Grouping and summarizing data
The group_by()
function takes a tibble and returns the same tibble,
but with some extra information so that any subsequent function acts on
each unique combination defined in the group_by()
.
grouped <- group_by(car_data, type, make)
If you inspect the grouped
tibble it seems the same as the car_data
tibble. However, it has stored the grouping we asked for.
groups(grouped)
## [[1]]
## type
##
## [[2]]
## make
Now, you can use the summarize()
function to get summary data for each
subgroup
summaries <- summarise(grouped, mean.length = mean(length))
## `summarise()` has grouped output by 'type'. You can override using the
## `.groups` argument.
summaries
## # A tibble: 81 × 3
## # Groups: type [6]
## type make mean.length
## <chr> <chr> <dbl>
## 1 Compact Audi 180
## 2 Compact Chevrolet 183
## 3 Compact Chrysler 183
## 4 Compact Dodge 181
## 5 Compact Ford 177
## 6 Compact Honda 185
## 7 Compact Mazda 184
## 8 Compact Mercedes-Benz 175
## 9 Compact Nissan 181
## 10 Compact Oldsmobile 188
## # … with 71 more rows
You can ask for more than one summary statistic.

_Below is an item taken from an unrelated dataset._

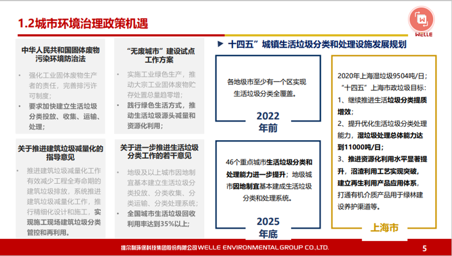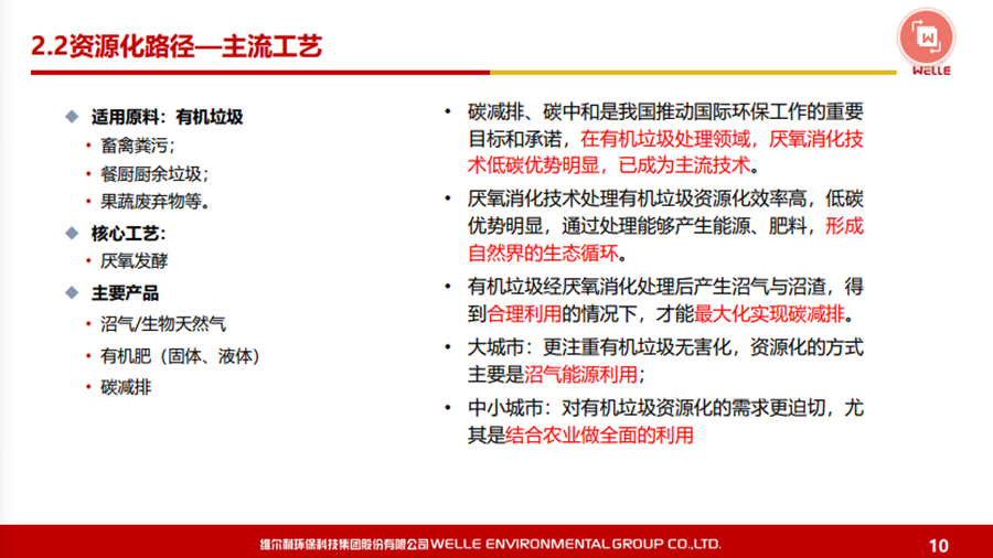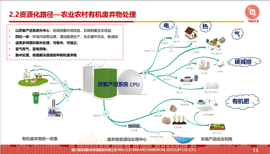 本文圍繞碳中和背景下的政策機遇、城鄉(xiāng)有機廢棄物資源化的的主要處理方法和路徑等內(nèi)容展開,同時對維爾利集團概況和發(fā)展歷程做了簡要回顧。 2021年10月20-21日,2021年中國沼氣學會學術(shù)年會暨中德沼氣合作論壇在南京舉行。作為2021年中國沼氣學會學術(shù)年會的承辦單位,維爾利環(huán)??萍技瘓F股份有限公司董事長李月中博士以《城鄉(xiāng)有機廢棄物資源化路徑探討》為主題,與大家一起探討了碳中和背景下城鄉(xiāng)有機廢棄物資源化的發(fā)展與未來。報告圍繞碳中和背景下的政策機遇、城鄉(xiāng)有機廢棄物資源化的的主要處理方法和路徑等內(nèi)容展開,同時對維爾利集團概況和發(fā)展歷程做了簡要回顧。本文根據(jù)其發(fā)言整理。▼維爾利環(huán)??萍技瘓F股份有限公司董事長 李月中各位領(lǐng)導、各位專家、各位同仁,大家上午好!今天有幸代表維爾利集團和大家做交流,作為會議的承辦方,也感謝中國沼氣學會、南京大學、德國沼氣協(xié)會給維爾利這個機會。維爾利作為專業(yè)的企業(yè),實際上歷史并不是很長,但是我們對沼氣和厭氧技術(shù)這塊有自己的獨到見解。作為一個商業(yè)機構(gòu),企業(yè)怎么能夠在競爭行業(yè)里生存和發(fā)展?在這里和大家做一些交流,和大家一起思考,同時希望在座的同仁能夠在這個行業(yè)相對比較困難的情況下抱團取暖。2020年9月,國家主席習近平在聯(lián)合國大會上提出“二氧化碳排放力爭于2030年前達到峰值,努力爭取2060年前實現(xiàn)碳中和”。2021年3月15日,習近平總書記主持召開中央財經(jīng)委員會第九次會議并發(fā)表重要講話強調(diào),要把碳達峰、碳中和納入生態(tài)文明建設(shè)整體布局,拿出抓鐵有痕的勁頭,如期實現(xiàn)2030年前碳達峰、2060年前碳中和的目標。從能源結(jié)構(gòu)上來說,有機垃圾資源化產(chǎn)生的生物質(zhì)能源在實現(xiàn)雙碳目標上具有獨特意義。這實際上也是倒推企業(yè)行業(yè)轉(zhuǎn)型。對大家來說,“碳達峰碳中和”既是一個挑戰(zhàn)也是一個機會。這里面包括了現(xiàn)在我們推出的對城市環(huán)境,對農(nóng)村農(nóng)業(yè)環(huán)境可能存在的機會,這些機會對環(huán)保產(chǎn)業(yè)來說,個人認為受到政策影響比較大。為什么德國2016年在農(nóng)業(yè)生物天然氣領(lǐng)域有下滑?是因為某些政策出現(xiàn)了不到位的情況,一些企業(yè)就不愿意去做。在碳達峰、碳減排的前提下,我們有很多的機會,但這個機會要真正落實,還是要國家從頂層設(shè)計到具體的政策到位,才能夠使這個行業(yè)有比較好的發(fā)展。在城市環(huán)境治理領(lǐng)域,城市有機廢棄物(垃圾量)非常大。上海實施垃圾分類以后,2020年上海濕垃圾的產(chǎn)生量是每天在9500-10000噸左右,也就是說1/3為濕垃圾。這對焚燒廠來說,是一個巨大的減負,但同時對處理能力也有了條件限制。我們深度參與了這方面工作,現(xiàn)在上海的處理能力大概為4000噸左右,意味著上海的濕垃圾處理能力還有60%在建,徹底實現(xiàn)垃圾分類的路還很遠。北京情況更為嚴重。原來北京只有幾個堆肥廠,原來只是三相做一點小的堆肥,如果真的要實現(xiàn)垃圾源頭分類,大概4、5千噸的垃圾處理設(shè)施要重新建設(shè)。在農(nóng)業(yè)農(nóng)村環(huán)境治理領(lǐng)域,包括農(nóng)產(chǎn)品加工這方面,整個市場規(guī)??赡芨蟆8魑磺拜叾家呀?jīng)做了一些介紹,我們是不是能夠全部實現(xiàn)資源化處理,是值得商榷的。對于不同的原料,我們應該怎么處理?作為企業(yè),我們推行起來還是有一定的難度。我們現(xiàn)在的這些大型的沼氣項目,它的源頭、原料、收益、收益成本,包括最終的產(chǎn)品出路,收集半徑到底多少是最合理的?實際上是需要根據(jù)不同有機廢棄物的種類以及最終產(chǎn)品的出路來規(guī)劃項目規(guī)模,而不是按照政策要求。比如一萬方的沼氣工程才稱得上大型沼氣項目,才有補貼,這樣的項目就不一定能夠真正地實現(xiàn)盈利。 下面大概講一講我們最近對城鄉(xiāng)有機廢棄物資源化的主要處理方法和路徑。

summaries <- summarise(grouped, mean.length = mean(length), max.length = max(length), std_rpm = sd(rpm))
## `summarise()` has grouped output by 'type'. You can override using the
## `.groups` argument.
summaries
## # A tibble: 81 × 5
## # Groups: type [6]
## type make mean.length max.length std_rpm
## <chr> <chr> <dbl> <dbl> <dbl>
## 1 Compact Audi 180 180 NA
## 2 Compact Chevrolet 183 184 0
## 3 Compact Chrysler 183 183 NA
## 4 Compact Dodge 181 181 NA
## 5 Compact Ford 177 177 NA
## 6 Compact Honda 185 185 NA
## 7 Compact Mazda 184 184 NA
## 8 Compact Mercedes-Benz 175 175 NA
## 9 Compact Nissan 181 181 NA
## 10 Compact Oldsmobile 188 188 NA
## # … with 71 more rows
Further processing
Keep in mind that, as the result of summarize()
is a tibble, you can
use the data selection methods we saw earlier.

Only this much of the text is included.